**WHAT NEEDS TO BE DONE:** Reproduce the data below exactly as written. Pictures do not belong in the copy.

**DATASET EXTRACT:**

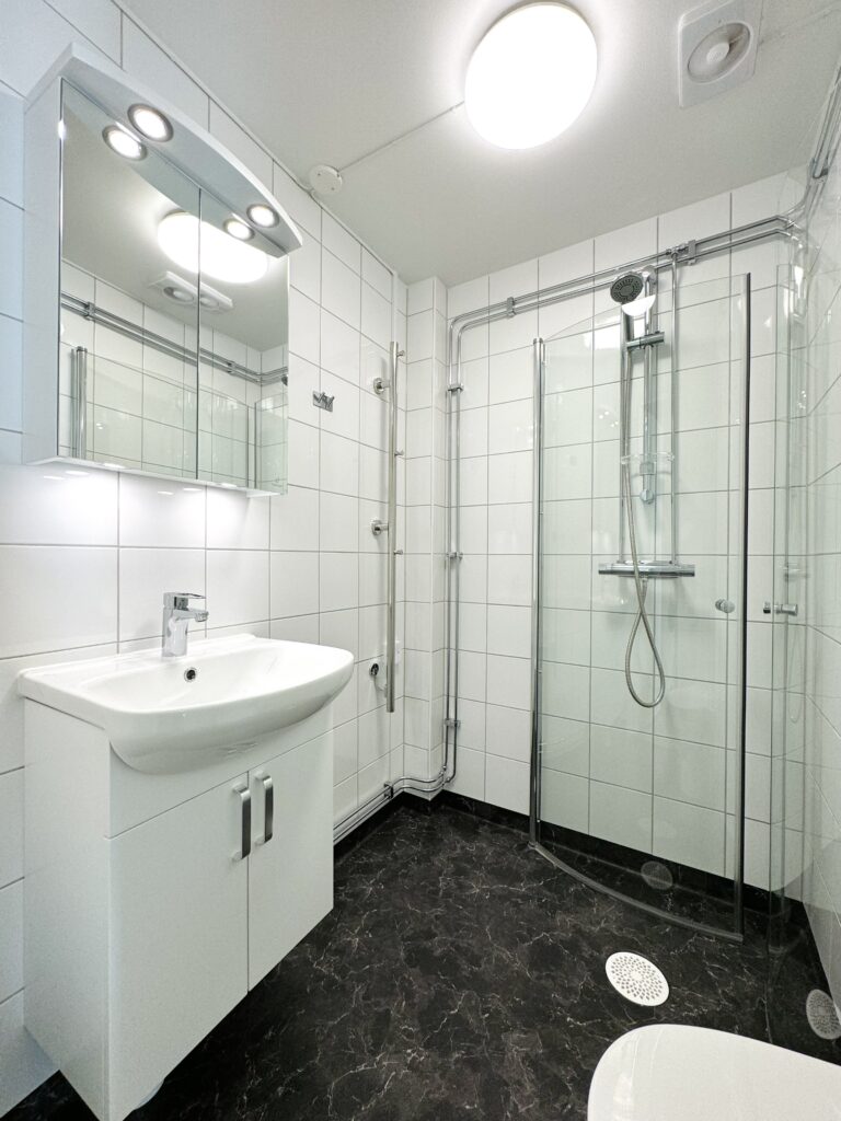 - Badrum: vitt kakel, grå matta, spegelskåp med belysning & el, kommod, duschväggar i glas & handukstork el.
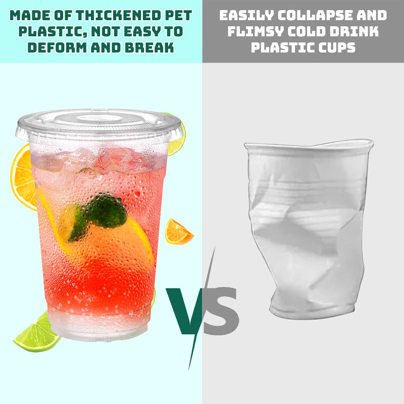 ถ้วยกาแฟพลาสติกแบบใช้แล้วทิ้งพร้อมฝาปิดแบบแบนไม่มีสาร BPA สำหรับเครื่องดื่มเย็นสำหรับสัตว์เลี้ยงสั่งพิมพ์โลโก้ได้
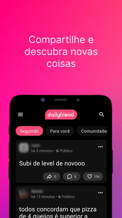 - Comunidades: crie ou participe de comunidades incríveis e engaje em discussões saudáveis.
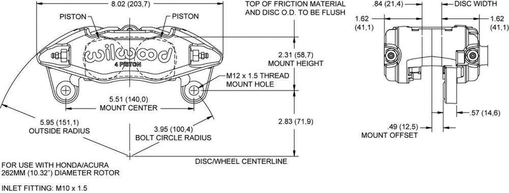 Zacisk hamulcowy Forged DPHA Zacisk hamulcowy Forged DynaPro Honda/Acura (DPHA) reprezentuje najnowszą generację zacisków zaprojektowanych wyłącznie jako bezpośredni zamiennik typu bolt-on dla modeli Honda i Acura fabrycznie wyposażonych w tarcze hamulcowe o średnicy 262 mm. Zacisk montowany jest bezpośrednio do seryjnych punktów mocowania na fabrycznych zwrotnicach, współpracuje z oryginalną tarczą o średnicy 262 mm, akceptuje seryjne przewody hamulcowe oraz mieści się w wielu fabrycznych aluminiowych felgach 15". Konstrukcja DPHA oparta jest na sprawdzonej serii czterotłoczkowych zacisków Wilwood DynaPro. Korpus wykonany z kutego aluminium zapewnia wysoką sztywność i skuteczną siłę docisku, gwarantując precyzyjną i pewną reakcję hamowania. Cztery tłoki ze stali nierdzewnej zapewniają równomierny rozkład nacisku na klocki, a jednocześnie wysoką odporność na korozję oraz ograniczone przenikanie ciepła, co pozwala utrzymać stabilną temperaturę pracy i długą żywotność zacisku. Zaciski DPHA są w pełni kompatybilne z większością seryjnych pomp hamulcowych i zachowują pełną funkcjonalność systemu ABS. Dostępne są w kolorze czarnym, czerwonym oraz Competition Blue, z wysokopołyskowym, wysokotemperaturowym lakierem proszkowym odpornym na działanie płynu hamulcowego, z charakterystycznym logo Wilwood. Komponenty hamulcowe Wilwood Performance powstają w oparciu o technologie rozwijane przez dekady dominacji w sportach motorowych oraz standardy jakości Zero PPM, stosowane przez czołowych producentów OE na świecie. Zapewniają one nie tylko poprawę skuteczności hamowania, ale także długotrwałą, niezawodną eksploatację w pojazdach Honda i Acura. Tłoki Liczba tłoków: 4 Powierzchnia tłoków: 4,12 in² Typ tłoków: stal nierdzewna Osłona przeciwpyłowa: brak Wymiary tarczy Szerokość tarczy: 0,83 in Średnica tarczy: 10,32 in Wymiary klocków Powierzchnia klocków: 6,36 in² Objętość klocków: 2,1 in³ Klasa obciążenia i materiał Materiał: kute aluminium Masa: 3,9 lb Kolory i wykończenie Kolor: czarny Wykończenie: czarny lakier proszkowy Mocowanie Rozstaw mocowania: 5,51 in Strona montażu: uniwersalna Typ mocowania: lug Specyfikacja Kompatybilność tarcz Szerokość tarczy: 0,83 in Maksymalna szerokość tarczy: 0,83 in Minimalna szerokość tarczy: 0,78 in Maksymalna średnica tarczy: 10,32 in Minimalna średnica tarczy: 10,32 in Specyfikacja klocków hamulcowych Typ klocka 1: 7812 Typ klocka 2: N/A Typ klocka 3: N/A Całkowita powierzchnia klocków: 6,36 in² Całkowita objętość klocków: 2,1 in³ Specyfikacja tłoków Średnica tłoka 1: 1,62 in Średnica tłoka 2: 1,62 in Całkowita powierzchnia tłoków: 4,12 in² Specyfikacja montażowa Typ mocowania: lug Strona montażu: uniwersalna Rozstaw mocowania: 5,51 in Średnica otworu montażowego: 0,47 in Wysokość montażowa: 2,37 in Gwint przyłącza: M10 × 1,50

**SOLUTION FOR THIS TASK:**
 - Badrum: vitt kakel, grå matta, spegelskåp med belysning & el, kommod, duschväggar i glas & handukstork el.
 ถ้วยกาแฟพลาสติกแบบใช้แล้วทิ้งพร้อมฝาปิดแบบแบนไม่มีสาร BPA สำหรับเครื่องดื่มเย็นสำหรับสัตว์เลี้ยงสั่งพิมพ์โลโก้ได้
 - Comunidades: crie ou participe de comunidades incríveis e engaje em discussões saudáveis.
 Zacisk hamulcowy Forged DPHA Zacisk hamulcowy Forged DynaPro Honda/Acura (DPHA) reprezentuje najnowszą generację zacisków zaprojektowanych wyłącznie jako bezpośredni zamiennik typu bolt-on dla modeli Honda i Acura fabrycznie wyposażonych w tarcze hamulcowe o średnicy 262 mm. Zacisk montowany jest bezpośrednio do seryjnych punktów mocowania na fabrycznych zwrotnicach, współpracuje z oryginalną tarczą o średnicy 262 mm, akceptuje seryjne przewody hamulcowe oraz mieści się w wielu fabrycznych aluminiowych felgach 15". Konstrukcja DPHA oparta jest na sprawdzonej serii czterotłoczkowych zacisków Wilwood DynaPro. Korpus wykonany z kutego aluminium zapewnia wysoką sztywność i skuteczną siłę docisku, gwarantując precyzyjną i pewną reakcję hamowania. Cztery tłoki ze stali nierdzewnej zapewniają równomierny rozkład nacisku na klocki, a jednocześnie wysoką odporność na korozję oraz ograniczone przenikanie ciepła, co pozwala utrzymać stabilną temperaturę pracy i długą żywotność zacisku. Zaciski DPHA są w pełni kompatybilne z większością seryjnych pomp hamulcowych i zachowują pełną funkcjonalność systemu ABS. Dostępne są w kolorze czarnym, czerwonym oraz Competition Blue, z wysokopołyskowym, wysokotemperaturowym lakierem proszkowym odpornym na działanie płynu hamulcowego, z charakterystycznym logo Wilwood. Komponenty hamulcowe Wilwood Performance powstają w oparciu o technologie rozwijane przez dekady dominacji w sportach motorowych oraz standardy jakości Zero PPM, stosowane przez czołowych producentów OE na świecie. Zapewniają one nie tylko poprawę skuteczności hamowania, ale także długotrwałą, niezawodną eksploatację w pojazdach Honda i Acura. Tłoki Liczba tłoków: 4 Powierzchnia tłoków: 4,12 in² Typ tłoków: stal nierdzewna Osłona przeciwpyłowa: brak Wymiary tarczy Szerokość tarczy: 0,83 in Średnica tarczy: 10,32 in Wymiary klocków Powierzchnia klocków: 6,36 in² Objętość klocków: 2,1 in³ Klasa obciążenia i materiał Materiał: kute aluminium Masa: 3,9 lb Kolory i wykończenie Kolor: czarny Wykończenie: czarny lakier proszkowy Mocowanie Rozstaw mocowania: 5,51 in Strona montażu: uniwersalna Typ mocowania: lug Specyfikacja Kompatybilność tarcz Szerokość tarczy: 0,83 in Maksymalna szerokość tarczy: 0,83 in Minimalna szerokość tarczy: 0,78 in Maksymalna średnica tarczy: 10,32 in Minimalna średnica tarczy: 10,32 in Specyfikacja klocków hamulcowych Typ klocka 1: 7812 Typ klocka 2: N/A Typ klocka 3: N/A Całkowita powierzchnia klocków: 6,36 in² Całkowita objętość klocków: 2,1 in³ Specyfikacja tłoków Średnica tłoka 1: 1,62 in Średnica tłoka 2: 1,62 in Całkowita powierzchnia tłoków: 4,12 in² Specyfikacja montażowa Typ mocowania: lug Strona montażu: uniwersalna Rozstaw mocowania: 5,51 in Średnica otworu montażowego: 0,47 in Wysokość montażowa: 2,37 in Gwint przyłącza: M10 × 1,50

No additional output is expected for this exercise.